**AIM OF THE EXERCISE:**
Extract only the lines running from the top of the entries to the line that holds "13、新建一个图层,填充黄褐". Include that line and omit the pictures.

(Data extracted from a collection)
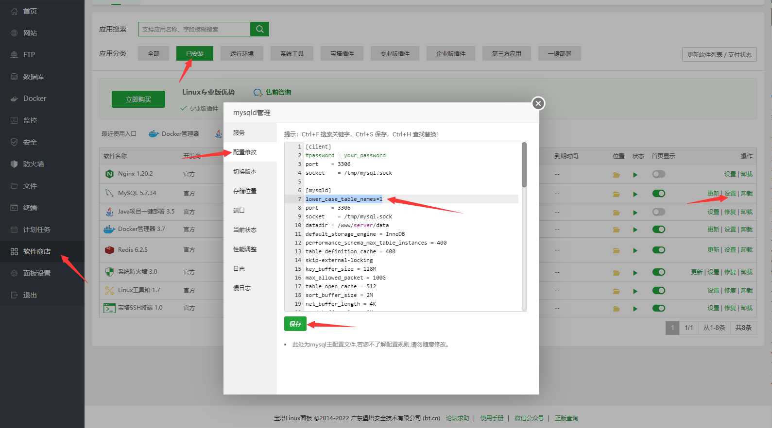 其中MySQL可能需要设置忽略表明大小写参数lower_case_table_names=1,配置过程如图:
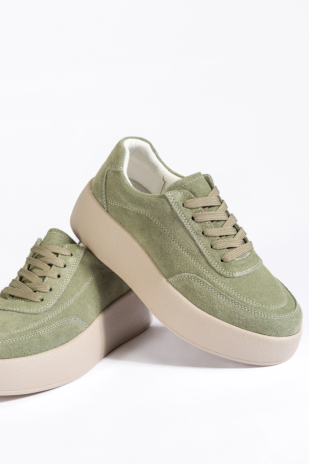 Stylizacyjna uniwersalność i nowoczesny design sprawiają, że te sneakersy z łatwością wpisują się w różnorodne trendy modowe. Dzięki klasycznej formie creepersów oraz oryginalnemu, zielonemu odcieniowi, buty idealnie komponują się z jeansami, spodniami typu jogger, plisowanymi spódnicami czy sukienkami midi. To doskonały wybór zarówno na codzienne wyjścia do pracy, jak i na spotkania towarzyskie czy weekendowe spacery po mieście. Beżowa platforma, będąca kontrastem dla zieleni cholewki, nadaje butom nowoczesny charakter, a jednocześnie subtelnie wyróżnia je spośród innych modeli dostępnych na rynku. Buty te pozwalają wyrazić siebie – są odważne, a zarazem eleganckie. To must-have dla kobiet, które cenią niezależność i pragną być zauważone.
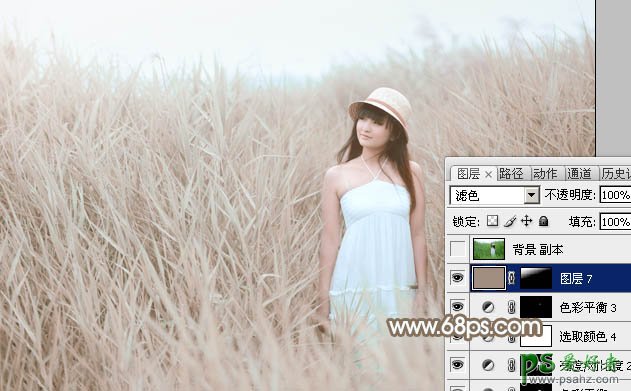 13、新建一个图层,填充黄褐色:#A08C81,混合模式改为“滤色”,按住Alt键添加图层蒙版,用白色画笔把左上角部分擦出来,效果如下图。
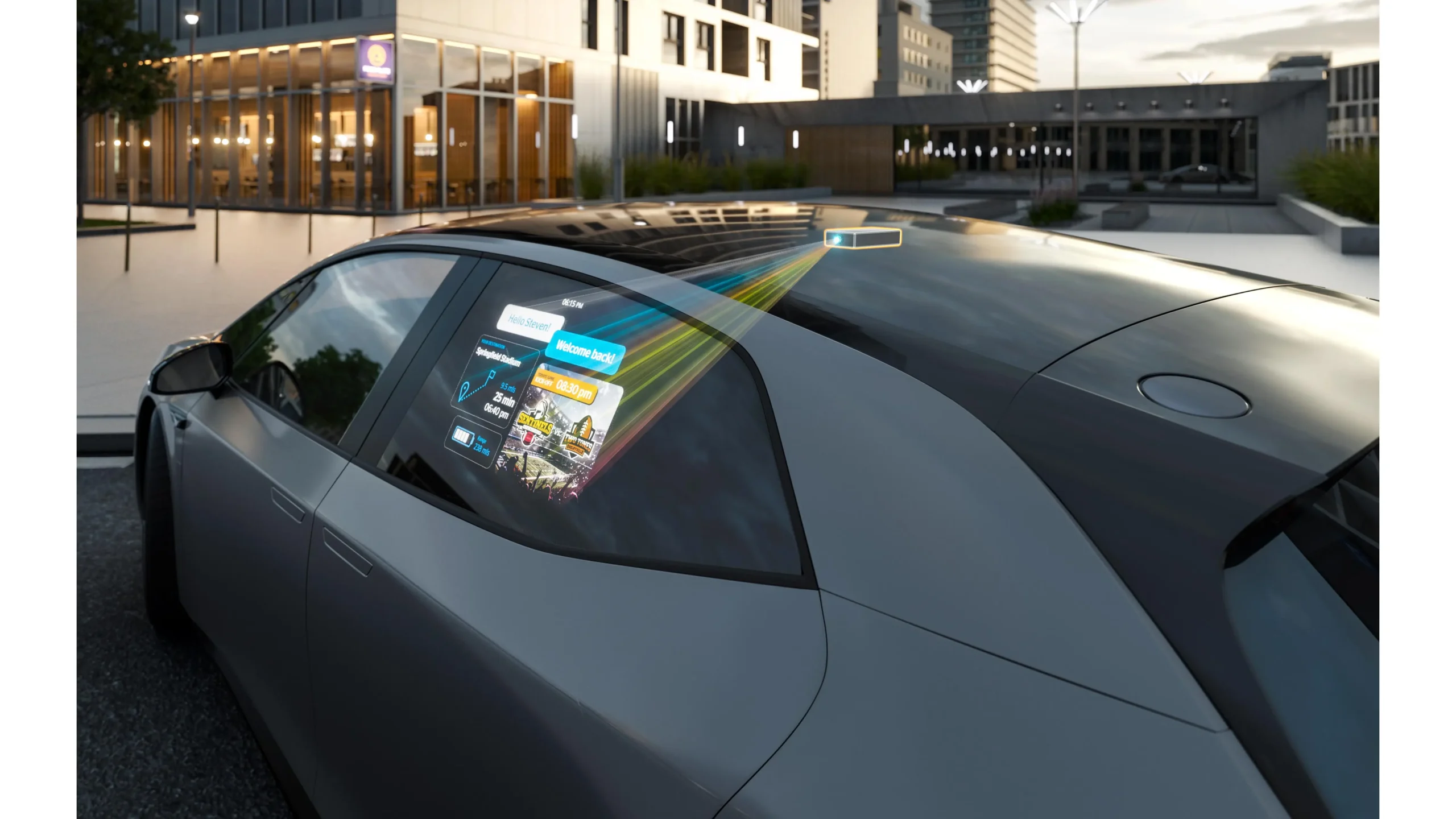 Darüber hinaus zeigt Continental seine neuesten Radar- und Kameralösungen, darunter ein AEB-System mit Single-Radar und eine KI-gestützte Nachtsichtkamera. Für ein individualisiertes Fahrerlebnis sorgen Technologien wie eine interaktive Fensterprojektion und biometrisch gesicherte OLED-Displays. Die Fensterprojektion verwandelt das Seitenfenster in ein Außendisplay, das personalisierte Inhalte anzeigen kann, etwa die Lieblingssportmannschaft, den Ladestatus oder Reiseinformationen. Die von außen sichtbare Projektion beeindruckt durch eine extrem hohe Auflösung direkt auf der Fensterscheibe.
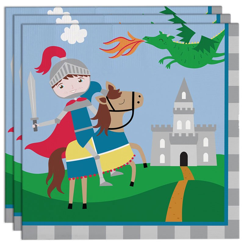 Knight Napkins include a 20-pack of paper napkins with a colorful design of a knight and a horse with a large castle and a fire-breathing dragon in the background. The napkins are two-ply and measure 33 x 33 cm unfolded.
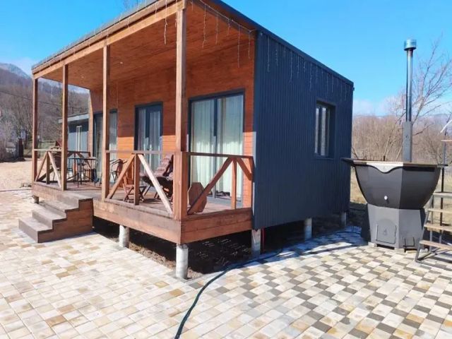 Большой дом у Беджо / Дом до 6 человек с чаном и баней. Просторный дом для большой компании или семьи. В вашем распоряжении — отдельная терраса с мангалом, доступ к общим двум чанам с подогревом и настоящей бане на дровах. Это идеальное место, чтобы весело и с комфортом отпраздновать событие или просто отдохнуть от города. Почему стоит выбрать этот дом? - Простор для всех: в доме комфортно разместятся до 6 гостей. Идеальный вариант для семьи с детьми, компании друзей или коллег. - Дворовые радости: у дома есть собственная большая терраса с мебелью и отдельным мангалом. Готовьте шашлык, не мешая соседям, и устройте обед на свежем воздухе. - Главные бонусы комплекса: выходя из дома, вы попадаете в зону отдыха с двумя чанами с подогревом (круглый год) и баней на дровах — это лучший способ расслабиться после насыщенного дня. Полная автономия: внутри есть всё необходимое для жизни — от кондиционера до посуды. Удобства в доме: - Зона отдыха с телевизором. - Кондиционер для комфортной температуры. - Компактная кухонная зона: холодильник, электрическая плитка, микроволновая печь, чайник. - Санузел с душем, фен. Что вас ждет на территории: - Два общих чана (купель) с подогревом. - Общая баня на дровах (топится по договоренности с администратором). - Бесплатная парковка для ваших автомобилей. - Бесплатный Wi-Fi. Условия проживания: - Размещение с домашними животными возможно по предварительной договоренности (пожалуйста, предупредите нас заранее). - Заезд удобный, территория огорожена и ухожена. Важно для бронирования: В зависимости от сезона и дня недели стоимость может меняться. Чтобы уточнить цену на нужные даты и забронировать этот уютный дом, нажмите кнопку "Забронировать" или напишите нам в чат. Ответим быстро!

**TASK SOLUTION:**
 其中MySQL可能需要设置忽略表明大小写参数lower_case_table_names=1,配置过程如图:
 Stylizacyjna uniwersalność i nowoczesny design sprawiają, że te sneakersy z łatwością wpisują się w różnorodne trendy modowe. Dzięki klasycznej formie creepersów oraz oryginalnemu, zielonemu odcieniowi, buty idealnie komponują się z jeansami, spodniami typu jogger, plisowanymi spódnicami czy sukienkami midi. To doskonały wybór zarówno na codzienne wyjścia do pracy, jak i na spotkania towarzyskie czy weekendowe spacery po mieście. Beżowa platforma, będąca kontrastem dla zieleni cholewki, nadaje butom nowoczesny charakter, a jednocześnie subtelnie wyróżnia je spośród innych modeli dostępnych na rynku. Buty te pozwalają wyrazić siebie – są odważne, a zarazem eleganckie. To must-have dla kobiet, które cenią niezależność i pragną być zauważone.
 13、新建一个图层,填充黄褐色:#A08C81,混合模式改为“滤色”,按住Alt键添加图层蒙版,用白色画笔把左上角部分擦出来,效果如下图。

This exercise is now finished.